### PROBLEM STATEMENT
Leaving out the pictures, return word for word the stretch of entries below from the line holding "UPGRADE YOUR ETHNIC" through the line holding "Magpahigayon ang TL".

### THE INPUT
= Beginning of Section =
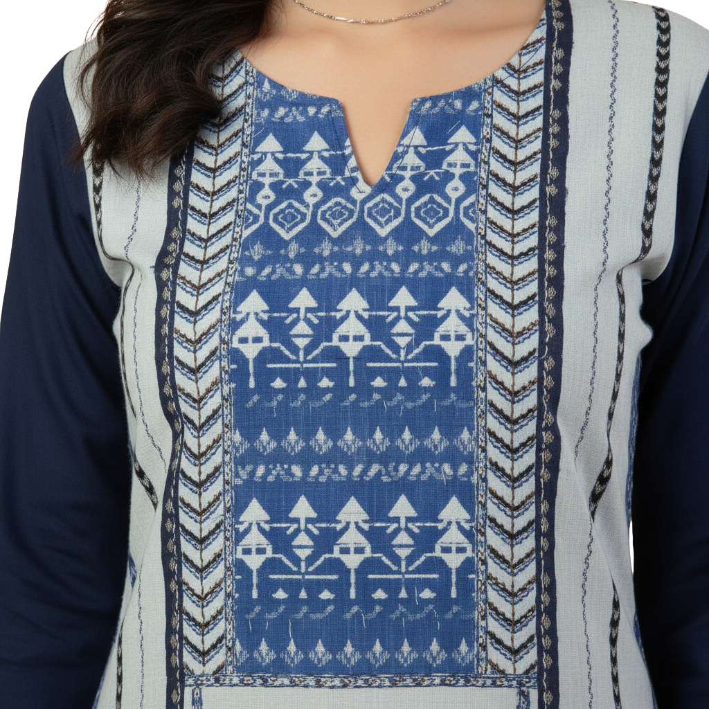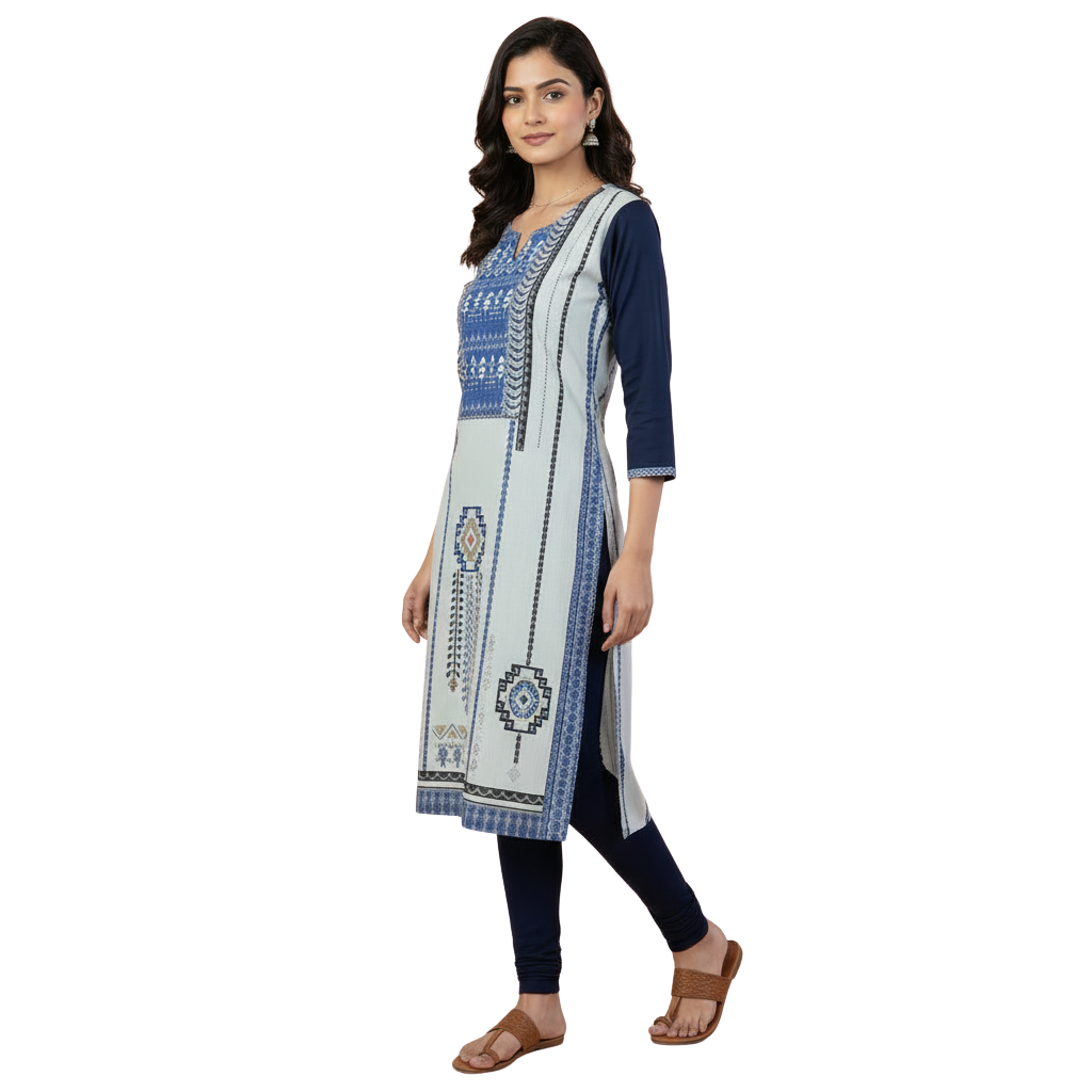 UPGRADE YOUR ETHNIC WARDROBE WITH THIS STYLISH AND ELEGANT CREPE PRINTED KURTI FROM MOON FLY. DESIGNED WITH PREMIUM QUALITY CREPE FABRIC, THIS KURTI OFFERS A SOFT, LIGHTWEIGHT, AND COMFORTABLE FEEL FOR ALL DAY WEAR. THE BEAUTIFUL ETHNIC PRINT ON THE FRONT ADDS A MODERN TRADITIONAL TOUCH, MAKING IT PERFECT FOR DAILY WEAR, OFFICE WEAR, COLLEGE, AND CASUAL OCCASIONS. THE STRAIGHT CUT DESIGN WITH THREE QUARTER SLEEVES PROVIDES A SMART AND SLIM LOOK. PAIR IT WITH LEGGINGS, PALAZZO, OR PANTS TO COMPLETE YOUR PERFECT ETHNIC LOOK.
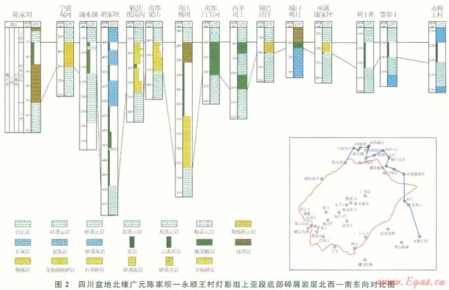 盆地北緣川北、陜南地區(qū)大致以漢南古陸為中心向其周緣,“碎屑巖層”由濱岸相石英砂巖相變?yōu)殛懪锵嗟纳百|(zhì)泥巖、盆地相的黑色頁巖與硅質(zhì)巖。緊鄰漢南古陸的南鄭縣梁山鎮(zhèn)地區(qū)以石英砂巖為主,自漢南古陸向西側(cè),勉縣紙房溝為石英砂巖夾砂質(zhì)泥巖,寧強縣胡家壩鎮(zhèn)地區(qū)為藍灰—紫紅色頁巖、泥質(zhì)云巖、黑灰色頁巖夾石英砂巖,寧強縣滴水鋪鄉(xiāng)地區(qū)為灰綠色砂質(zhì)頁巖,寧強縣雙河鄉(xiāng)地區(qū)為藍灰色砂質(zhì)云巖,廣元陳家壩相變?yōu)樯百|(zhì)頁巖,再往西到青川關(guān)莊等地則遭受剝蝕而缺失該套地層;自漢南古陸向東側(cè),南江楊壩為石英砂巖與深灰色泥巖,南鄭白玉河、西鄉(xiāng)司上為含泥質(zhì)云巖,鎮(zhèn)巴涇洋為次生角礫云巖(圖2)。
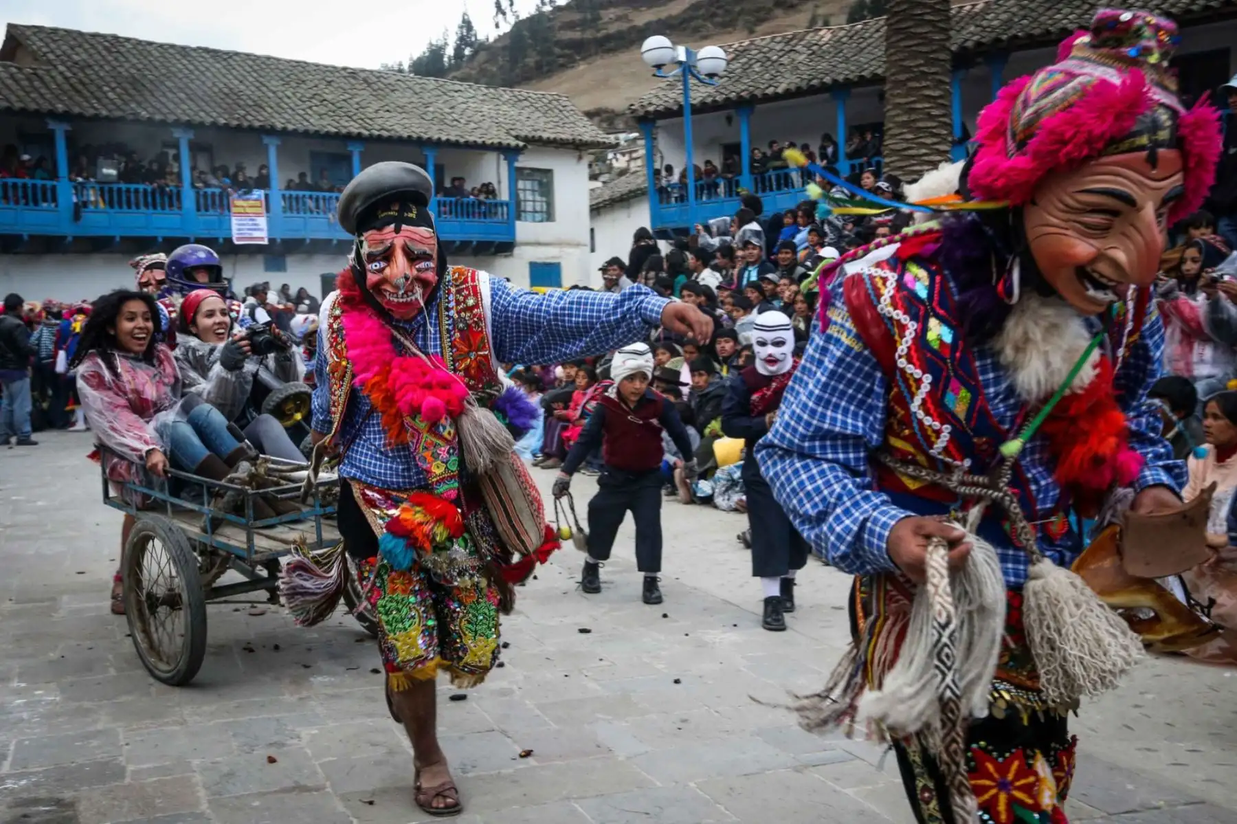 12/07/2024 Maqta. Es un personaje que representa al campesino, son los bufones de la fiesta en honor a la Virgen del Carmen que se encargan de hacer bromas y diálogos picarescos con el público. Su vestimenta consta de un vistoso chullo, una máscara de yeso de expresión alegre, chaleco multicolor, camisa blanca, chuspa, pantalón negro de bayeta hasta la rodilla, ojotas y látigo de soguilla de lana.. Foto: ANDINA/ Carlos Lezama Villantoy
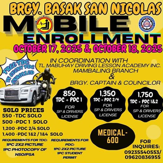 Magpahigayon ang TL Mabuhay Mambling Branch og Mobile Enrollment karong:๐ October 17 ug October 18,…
= End of Section =
= Beginning of Section =
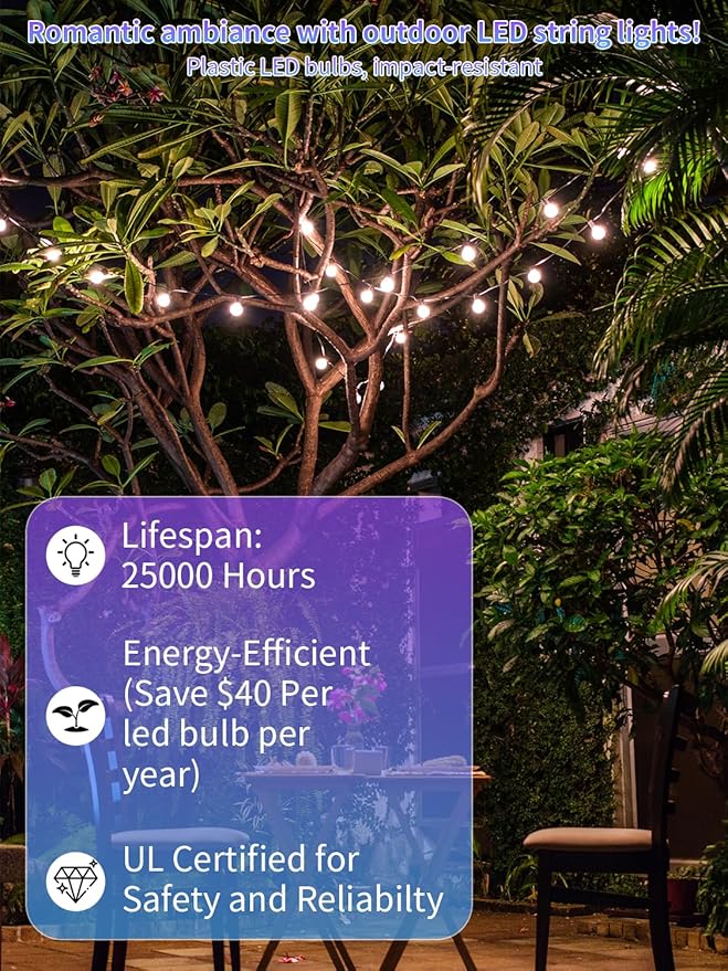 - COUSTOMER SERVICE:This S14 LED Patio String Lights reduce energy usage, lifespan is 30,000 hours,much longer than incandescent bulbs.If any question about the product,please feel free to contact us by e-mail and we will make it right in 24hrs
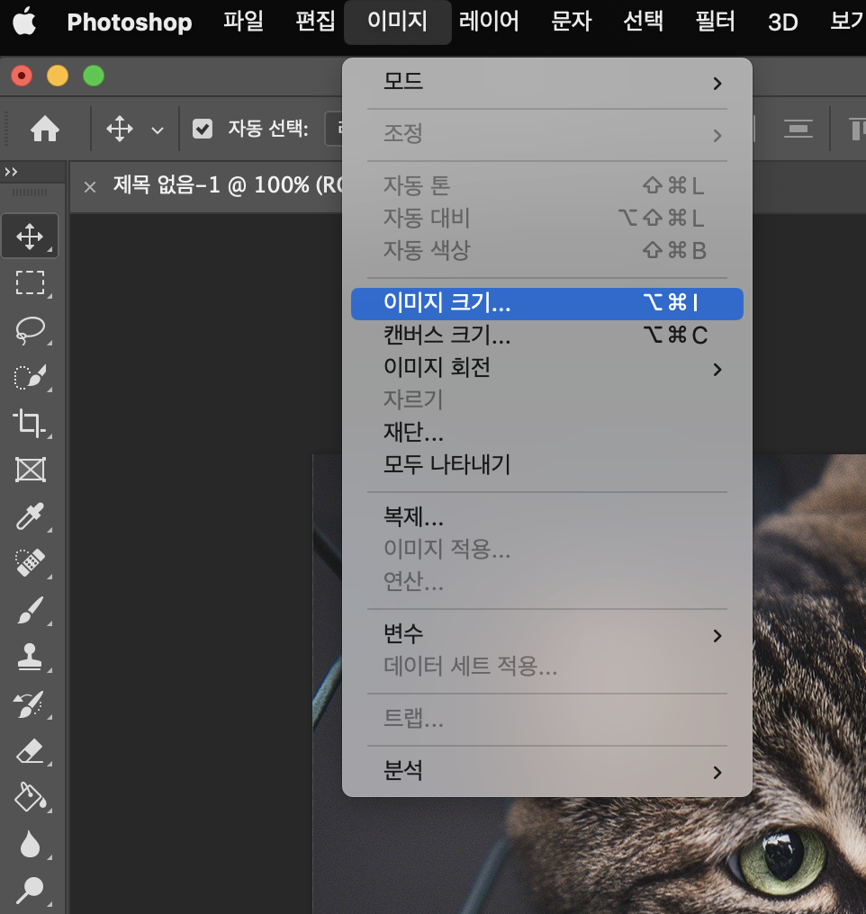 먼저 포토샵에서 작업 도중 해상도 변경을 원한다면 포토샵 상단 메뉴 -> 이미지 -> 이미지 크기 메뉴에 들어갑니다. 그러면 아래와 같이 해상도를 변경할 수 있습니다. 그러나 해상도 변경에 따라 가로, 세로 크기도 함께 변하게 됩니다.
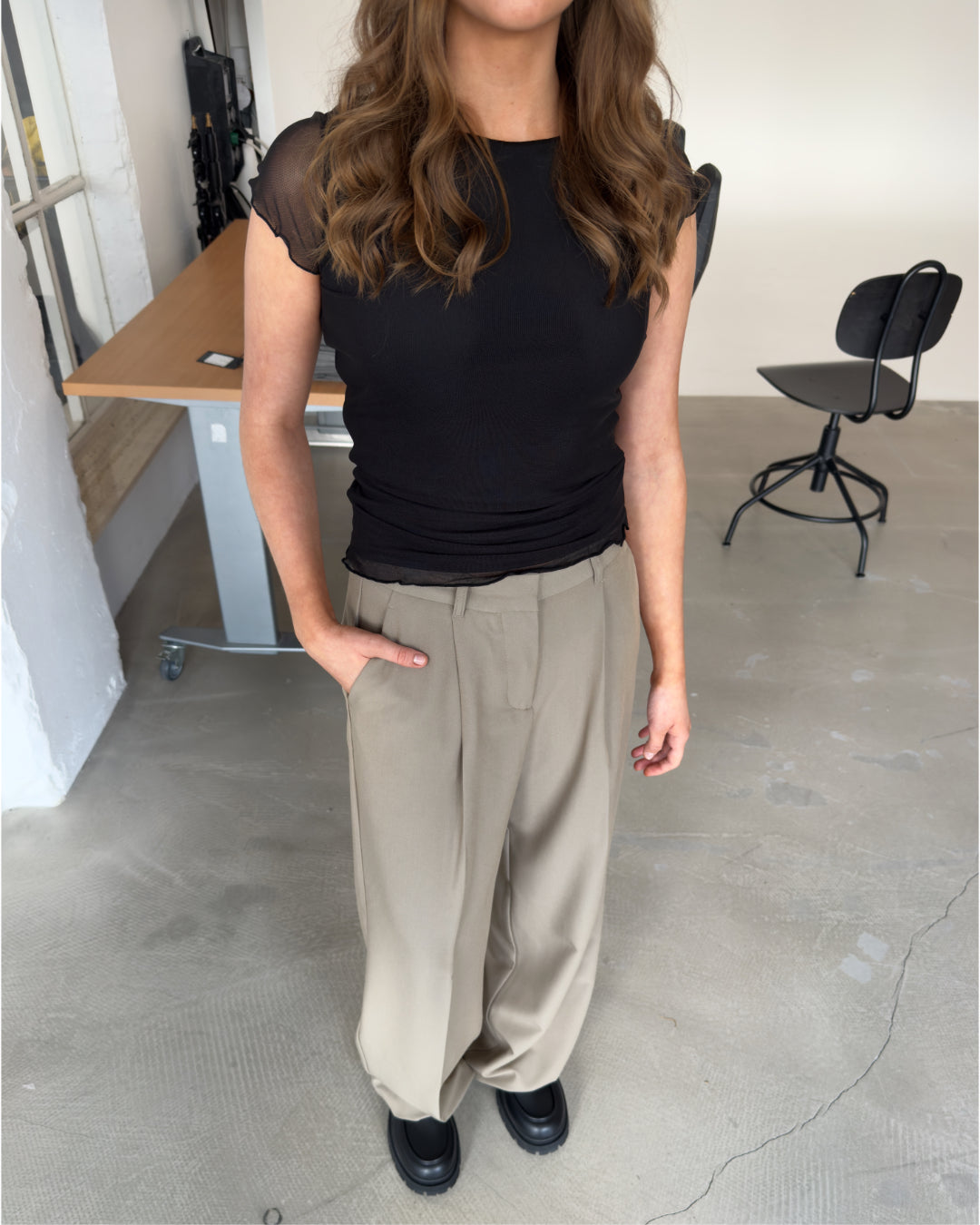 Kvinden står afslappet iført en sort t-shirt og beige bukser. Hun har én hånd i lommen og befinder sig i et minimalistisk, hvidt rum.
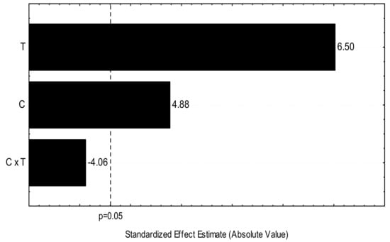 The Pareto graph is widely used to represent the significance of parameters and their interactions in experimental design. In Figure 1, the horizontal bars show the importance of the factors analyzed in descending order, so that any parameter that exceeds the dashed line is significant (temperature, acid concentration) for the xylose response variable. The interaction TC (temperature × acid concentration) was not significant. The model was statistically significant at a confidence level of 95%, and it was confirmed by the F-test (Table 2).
= End of Section =
### EXERCISE RESULT
 UPGRADE YOUR ETHNIC WARDROBE WITH THIS STYLISH AND ELEGANT CREPE PRINTED KURTI FROM MOON FLY. DESIGNED WITH PREMIUM QUALITY CREPE FABRIC, THIS KURTI OFFERS A SOFT, LIGHTWEIGHT, AND COMFORTABLE FEEL FOR ALL DAY WEAR. THE BEAUTIFUL ETHNIC PRINT ON THE FRONT ADDS A MODERN TRADITIONAL TOUCH, MAKING IT PERFECT FOR DAILY WEAR, OFFICE WEAR, COLLEGE, AND CASUAL OCCASIONS. THE STRAIGHT CUT DESIGN WITH THREE QUARTER SLEEVES PROVIDES A SMART AND SLIM LOOK. PAIR IT WITH LEGGINGS, PALAZZO, OR PANTS TO COMPLETE YOUR PERFECT ETHNIC LOOK.
 盆地北緣川北、陜南地區(qū)大致以漢南古陸為中心向其周緣,“碎屑巖層”由濱岸相石英砂巖相變?yōu)殛懪锵嗟纳百|(zhì)泥巖、盆地相的黑色頁巖與硅質(zhì)巖。緊鄰漢南古陸的南鄭縣梁山鎮(zhèn)地區(qū)以石英砂巖為主,自漢南古陸向西側(cè),勉縣紙房溝為石英砂巖夾砂質(zhì)泥巖,寧強縣胡家壩鎮(zhèn)地區(qū)為藍灰—紫紅色頁巖、泥質(zhì)云巖、黑灰色頁巖夾石英砂巖,寧強縣滴水鋪鄉(xiāng)地區(qū)為灰綠色砂質(zhì)頁巖,寧強縣雙河鄉(xiāng)地區(qū)為藍灰色砂質(zhì)云巖,廣元陳家壩相變?yōu)樯百|(zhì)頁巖,再往西到青川關(guān)莊等地則遭受剝蝕而缺失該套地層;自漢南古陸向東側(cè),南江楊壩為石英砂巖與深灰色泥巖,南鄭白玉河、西鄉(xiāng)司上為含泥質(zhì)云巖,鎮(zhèn)巴涇洋為次生角礫云巖(圖2)。
 12/07/2024 Maqta. Es un personaje que representa al campesino, son los bufones de la fiesta en honor a la Virgen del Carmen que se encargan de hacer bromas y diálogos picarescos con el público. Su vestimenta consta de un vistoso chullo, una máscara de yeso de expresión alegre, chaleco multicolor, camisa blanca, chuspa, pantalón negro de bayeta hasta la rodilla, ojotas y látigo de soguilla de lana.. Foto: ANDINA/ Carlos Lezama Villantoy
 Magpahigayon ang TL Mabuhay Mambling Branch og Mobile Enrollment karong:๐ October 17 ug October 18,…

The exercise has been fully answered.